[Date Prev][Date Next]
Re: ldap proxy
eric German wrote:
> hi , i m finding a patch for transforming openldap to proxy ldap
> is this patch work well ?
> i want to change openldap in proxy ldap , can i do this ?
It is not clear which patch you mean. An ldap proxy feature
is currently available with OpenLDAP 2.0 (although it is
partially broken). The version you may get from the HEAD
branch of the cvs at openldap.org uses many improvements
that are still under development. These include suffix
massaging (the ldap proxy may use a naming context that
is different from that of the target directory server), attribute
mapping (objectClass/attribute names are remapped back and
forth from the proxy to the target directory servers and some
bug fixes/small improvements.
Moreover, there is a patch (ITS 1054)
that I wrote, which can be applied to the HEAD branch of the
cvs tree as of March 3, 2001. It superseedes the previous patch of
ITS 989 and obsoletes also the remarks of ITS 998 and 1002.
It has not been accepted yet (not even considered, I suppose) so
let me say that you use it at own risk.
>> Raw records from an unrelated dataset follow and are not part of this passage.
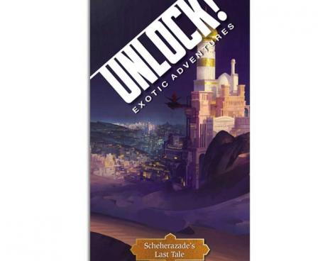 Scheherazade's Last Tale is an Unlock! adventure for up to six players. With just one hour on the clock, players must work through a deck of sixty cards as a team, searching for clues, combining objects, and figuring out puzzles to solve the mystery and escape the countdown timer. The free Unlock! app runs the timer while providing clues, giving hints, and helping players succeed. Once the team has reached the solution and entered the correct code, they've escaped, and the game has been won!
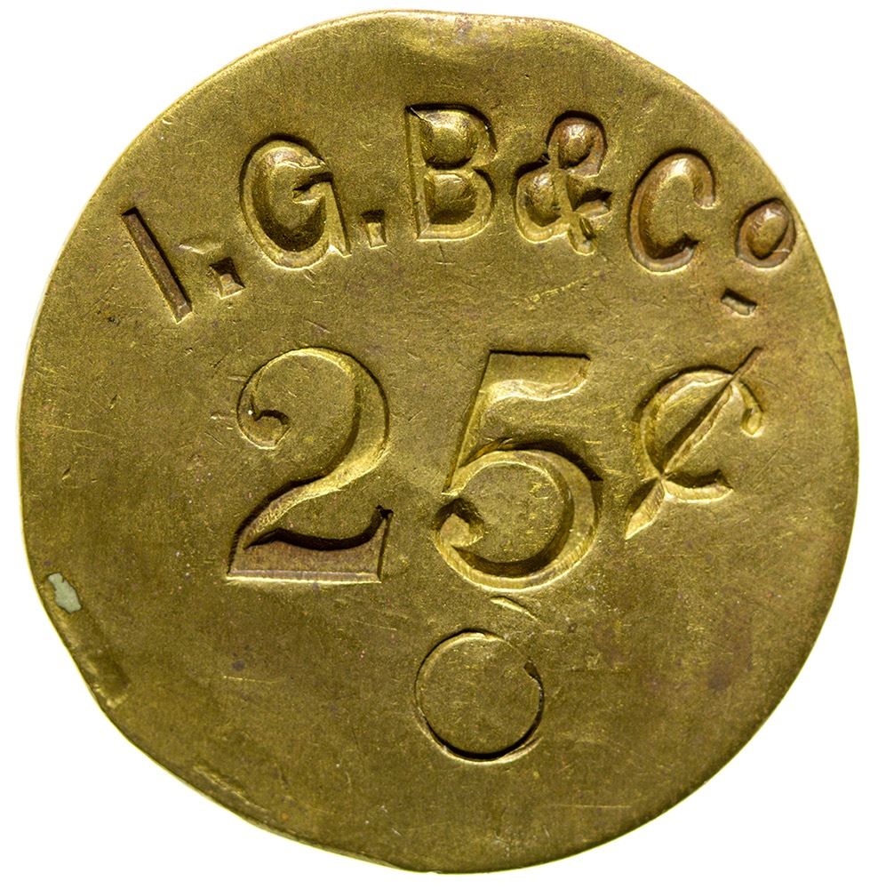 Extremely rare. I.G.B. & Co. / 25 c / O // (blank). Brass. Round. R12. 27mm. According to Murphy (1983), I.G. Baker & Co. held many important contracts, including supplying the Northwest Mounted Police in 1882, supplying beef to reservation Native Americans in Canada, and hauling mail between Ft. Benton and settlements in Western Canada. They were so powerful they beat out the famous Hudson Bay Company for contracts and over-stamped HBC tokens used in Indian trading. (Svoboda Collection) City: Fort Benton State: Montana Date: c. 1870-1877 HWAC# 33859
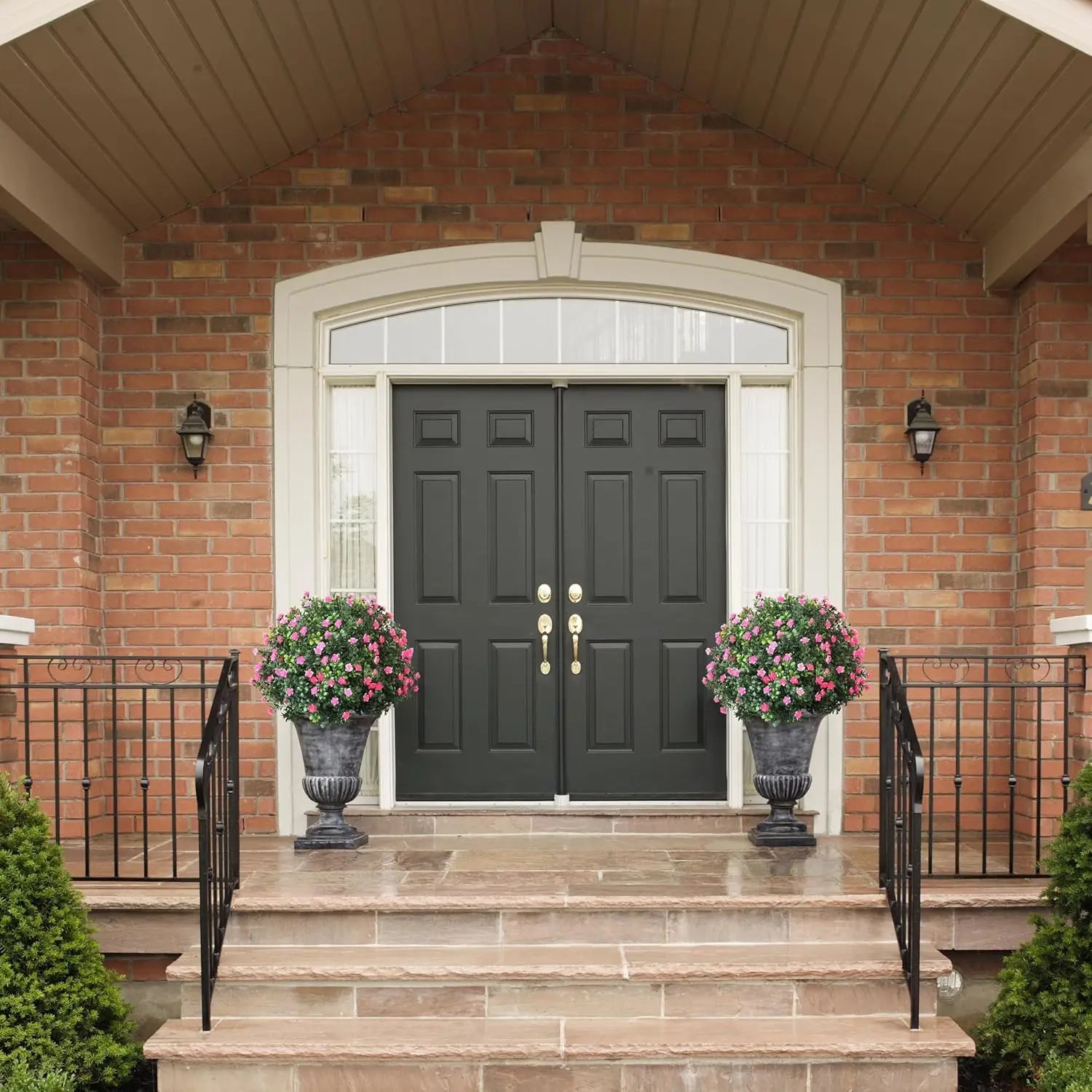 Pack Artificial Boxwood Topiary Ball Plant with Pink
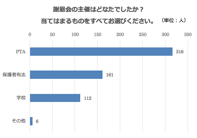 また、先生に感謝を伝えるための謝恩会ですが、PTAや学校が主催ではない場合は、先生が参加できない場合もあるようです。実際に「学校によって先生は参加できないことがあるので、よく相談したほうがよい」「少し前と違い、先生は参加しないことが多くなっている」といった声が寄せられました。有志で実施する場合は、先生にご参加いただけるかを事前に確認してから、企画内容を考えると良いですね。

This patch adds some rewrite
capability to the ldap proxy, mostly dedicated to
bind/add/modify/delete/compare dn and search base/filter/result/referral
by using regexes and session wide variable setting/substitution.
If you simply need to talk ldap across a firewall, then the ldap proxy
capabilities of the release OpenLDAP 2.0 will suffice (although you
should consider ITS 919 (fixed in devel) and maybe ITS 999 if you
cannot check/trust the schema of the target directory server.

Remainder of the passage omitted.